Linea de Inmigración

Un emigrante allá, es un inmigrante cuando llega acá

Buenos días, Dr. Rosenow. Soy argentino y vivo en Córdoba, tengo 17 años, y he leído mucho sobre usted y su ayuda a los solicitantes que deseen entrar a Estados Unidos. A mitades de julio cumplo 18 años, por lo tanto seré mayor de edad a partir de dicha fecha.

Primero, tenía acordado un viaje al sur de la bella Argentina con mi escuela, el último año que paso en ella, a fines de noviembre, cuando termino. Pero decidí cambiar dicho viaje, por uno hacia Estados Unidos, por el fútbol. Verá usted, es mi mayor sueño y allá no hay muy buen nivel de fútbol, exceptuando físicamente. Mi idea es ir a vivir, pero solo, mis padres y hermanos quedarían allá. Tengo tíos en Virginia y primos viviendo en Nueva York.

Me he informado mucho desde enero que vengo planeando este viaje. He leído como nunca en estos meses y, uno entre los tantos, a usted. Nunca he hecho la visa y jamás he viajado a Estados Unidos. Por lo que he leído, los americanos no quieren que vaya cualquiera por el simple hecho que quedan “viviendo” en dicho país, muchos de ellos... sumándole ahora con el tema de Donald Trump, se me complicaría más. Yo viviría con mis tíos en Washington, D.C., pero solo.

En fin, mi idea era viajar con visa de turista B1-B2 por un determinado tiempo y fichar con algún equipo de la MLS, a partir de allí, pedirle al club que me extienda la visa o la cambie por una de “trabajo temporal” o incluso que extienda la de visa, si es posible.

¿Usted piensa que me darán la visa de turista, por un tiempo, en la Embajada de Estados Unidos en Buenos Aires? Ya voy a tener 18 años, sin trabajo aquí y habiendo terminado la escuela, es complicado... Pero, ¿qué pensaría usted? ¿Me daría algún consejo?

Gracias por su atención.
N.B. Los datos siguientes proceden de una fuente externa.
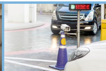
Vigilancia de Acceso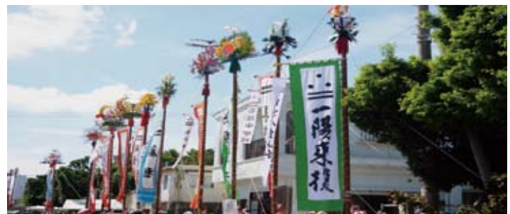
▲ 7月31日に新川にある真乙姥御嶽に四力字が集結。御嶽前の道路には各字や団体の旗頭が勢ぞろいし、女性たちによるアヒャー綱、ツナ又ミン、大綱引きと続き、会場は豊年祭独特の熱気に包まれました。

Atentamente,

Mateo Oliva, Córdoba 10/07

Apreciado joven Mateo, usted sueña.

“Soñar no cuesta nada”, reza un conocido refrán popular, pero en términos de inmigración, hacer aquello es como lo acostumbraba mi padre, Martín Rosenow, Dios lo tenga en Su eterna gloria, cuando allá en Barranquilla, Colombia, donde crecí, compraba un billete de lotería rifando una casa amoblada de exhibición, y luego, un mes antes de la rifa, en compañía de un madre y mi personita, la visitaba y nos explicaba dónde ubicaría el sofá o los muebles de alcoba.

Nunca he olvidado esa trastrueca mental de mi padre y hoy me la hace evocar su amena, inteligente, pero desviada carta, preñada de sus buenos deseos, pero reñida con las leyes básicas de la inmigración a Estados Unidos.

Todo comienza con el concepto de raíces, y hasta que esa definición no quede clara, no hay mas que confusión e irrealidad.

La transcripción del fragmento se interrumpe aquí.